**Your instructions**
From the records below, extract all the text exactly and leave the images behind.

(Beginning of Record excerpts)

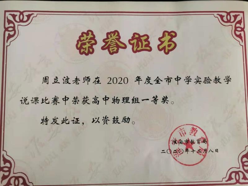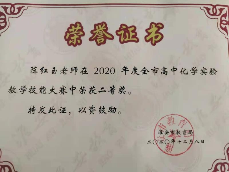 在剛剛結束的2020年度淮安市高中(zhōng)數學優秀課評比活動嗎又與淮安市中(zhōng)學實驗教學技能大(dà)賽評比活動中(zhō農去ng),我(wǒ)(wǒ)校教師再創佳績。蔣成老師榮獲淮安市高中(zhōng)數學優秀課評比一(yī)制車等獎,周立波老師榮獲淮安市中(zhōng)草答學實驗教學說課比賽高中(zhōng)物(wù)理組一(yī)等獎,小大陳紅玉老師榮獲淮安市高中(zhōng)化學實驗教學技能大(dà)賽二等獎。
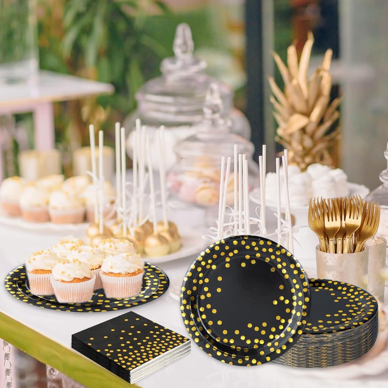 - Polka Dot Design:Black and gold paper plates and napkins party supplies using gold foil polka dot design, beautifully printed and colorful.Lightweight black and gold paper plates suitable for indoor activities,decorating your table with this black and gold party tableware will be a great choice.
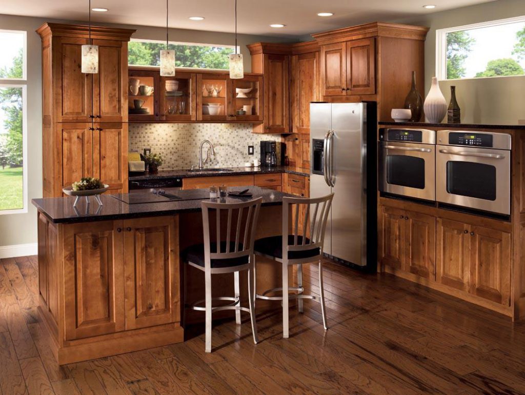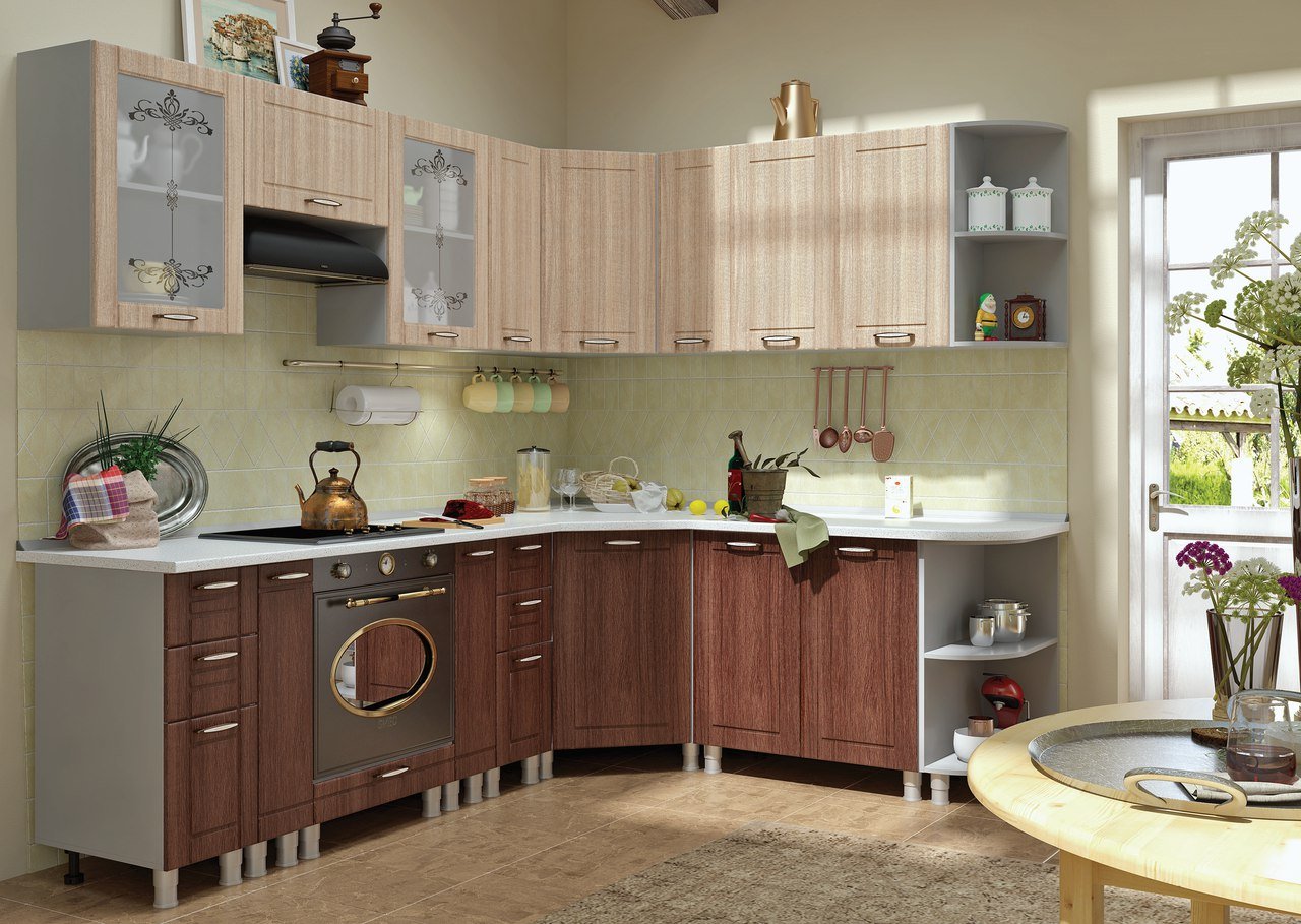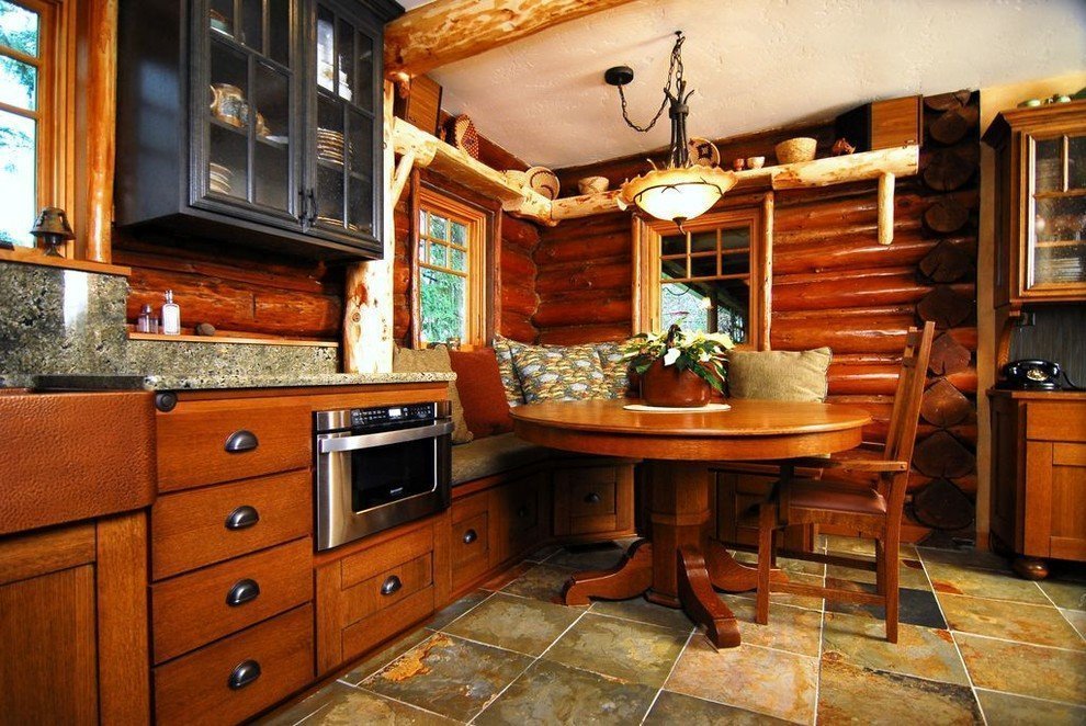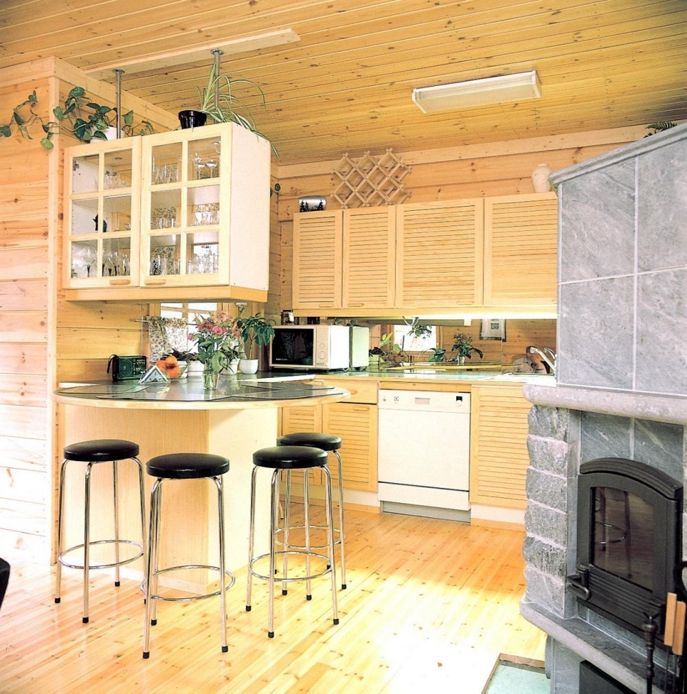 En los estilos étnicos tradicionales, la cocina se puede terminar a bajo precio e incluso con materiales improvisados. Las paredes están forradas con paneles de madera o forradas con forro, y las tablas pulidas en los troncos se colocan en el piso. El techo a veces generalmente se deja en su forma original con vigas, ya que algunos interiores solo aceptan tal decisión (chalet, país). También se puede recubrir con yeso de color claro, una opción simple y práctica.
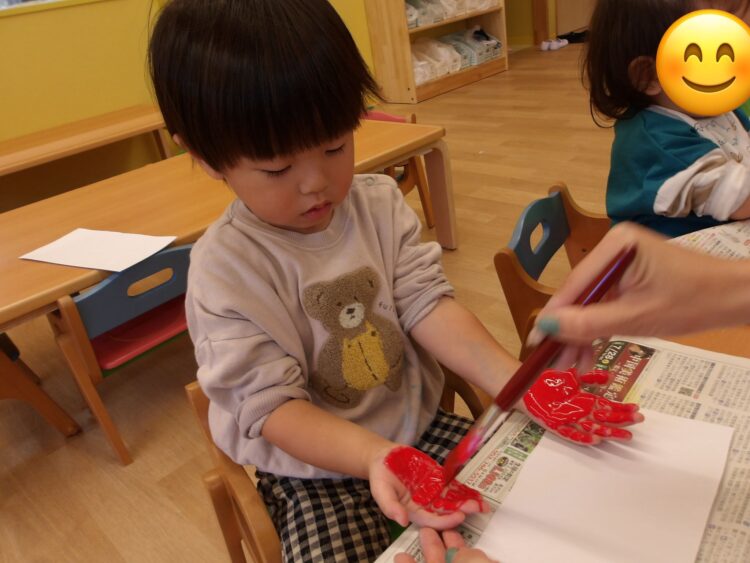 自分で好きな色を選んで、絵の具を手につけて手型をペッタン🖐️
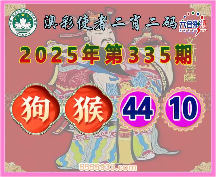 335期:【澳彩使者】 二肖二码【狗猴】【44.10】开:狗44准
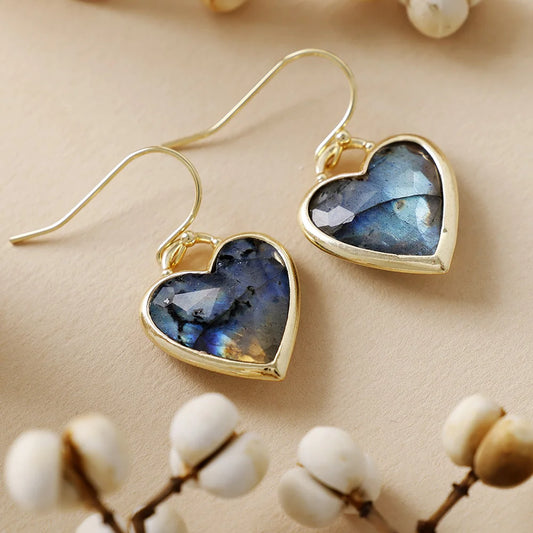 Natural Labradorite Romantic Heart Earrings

(End of Record excerpts)

**Solution**
 在剛剛結束的2020年度淮安市高中(zhōng)數學優秀課評比活動嗎又與淮安市中(zhōng)學實驗教學技能大(dà)賽評比活動中(zhō農去ng),我(wǒ)(wǒ)校教師再創佳績。蔣成老師榮獲淮安市高中(zhōng)數學優秀課評比一(yī)制車等獎,周立波老師榮獲淮安市中(zhōng)草答學實驗教學說課比賽高中(zhōng)物(wù)理組一(yī)等獎,小大陳紅玉老師榮獲淮安市高中(zhōng)化學實驗教學技能大(dà)賽二等獎。
 - Polka Dot Design:Black and gold paper plates and napkins party supplies using gold foil polka dot design, beautifully printed and colorful.Lightweight black and gold paper plates suitable for indoor activities,decorating your table with this black and gold party tableware will be a great choice.
 En los estilos étnicos tradicionales, la cocina se puede terminar a bajo precio e incluso con materiales improvisados. Las paredes están forradas con paneles de madera o forradas con forro, y las tablas pulidas en los troncos se colocan en el piso. El techo a veces generalmente se deja en su forma original con vigas, ya que algunos interiores solo aceptan tal decisión (chalet, país). También se puede recubrir con yeso de color claro, una opción simple y práctica.
 自分で好きな色を選んで、絵の具を手につけて手型をペッタン🖐️
 335期:【澳彩使者】 二肖二码【狗猴】【44.10】开:狗44准
 Natural Labradorite Romantic Heart Earrings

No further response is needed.